While some aspects of the Public Procurement Code may need to be streamlined, the role and power of ANAC should be protected. The Code’s implementation delays are not attributable to ANAC. They are instead due to the novel aspects of the Code aiming at lowering corruption risks, and enhancing competition in bidding processes and project quality. However, these innovative aspects also require some time for all stakeholders to understand them and to provide feedback to ANAC before it issues implementing regulations. To expedite the implementation of the new Code, the government should issue the implementing decree that sets the criteria to identify the qualifying contracting authorities for public procurement contracts on which ANAC already provided advice. The government should follow up on ANAC’s Triannual Plan to Prevent Corruption (updated annually), as it contains useful recommendations to reduce corruption risks in different policy areas at sub-national and central levels. The latest plan focuses on revenue agencies, use of European funds and waste management (ANAC, 2018).
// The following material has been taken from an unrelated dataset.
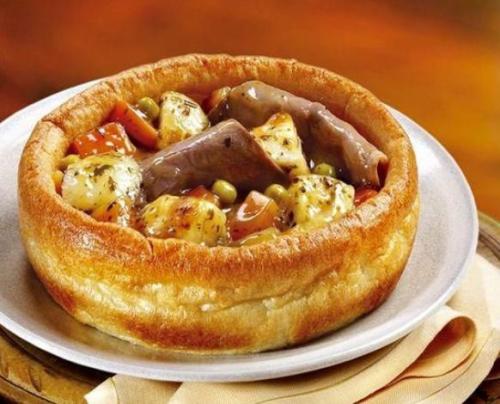 约克郡布丁( Yorkshire puing )是英国的一种食品。它是英国人周日晚餐的重要组成部分,多为烤牛肉的配菜,以它独特的牛肉香味闻名世界。“烤牛肉加约克郡布丁”甚至被称为英国的国菜。约克郡布丁并不是我们想象中的那种布丁,它更像是一种面包,口感也类似软面包,味道略带咸,呈咖啡杯的形状,中间凹陷及绵软,外围则香脆。由于约克郡布丁易于吸收肉汁,因此与烤牛肉以及牛肉浓汁( Gravy )一起食用,味道鲜美可口。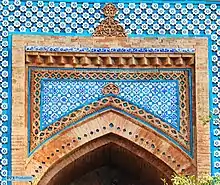 The exterior is further embellished with regional-style tile-work in floral, arabesque, and geometric motifs with dark blue, azure, and white tiles - all of which contrast the deep red finely polished bricks. The white dome is decorated with blue tile-work along its lower perimeter.[3]

The government should also stagger the appointment of the ANAC’s board members to avoid replacing all board members at the same time.
The reforms undertaken in the past ten years to fight corruption and improve public procurement go in the right direction and show the seriousness and determination of Italy’s successive governments on this issue. Despite this, indexes of perceived corruption are still generally high compared to other countries (Figure 19). This could be due to two not mutually exclusive reasons. First, the reforms of the past ten years have not yet produced the expected benefits as implementation and following due processes take time. Second, perception indexes may not adequately measure corruption. For instance, according to the Eurobarometer survey, Italy has a high percentage of respondents reporting a high level of corruption in daily life but at the same time the percentage of respondents reporting to have personal experience of corruption is low.
Measuring corruption, and more generally the efficiency of the public administration, on a more objective basis is key to designing and implementing effective anti-corruption measures and enhance trust in the government. To this end, Italy is actively participating in different international initiatives, at the G20, UN and the OECD, aiming at developing indicators to measure corruption and progress in reducing it more objectively. The OECD has been working on open data, quantitative analysis and the use of data analytics to combat fraud, waste and abuse, and to promote public integrity and improved government performance (High-Level Advisory Group, 2017[18]).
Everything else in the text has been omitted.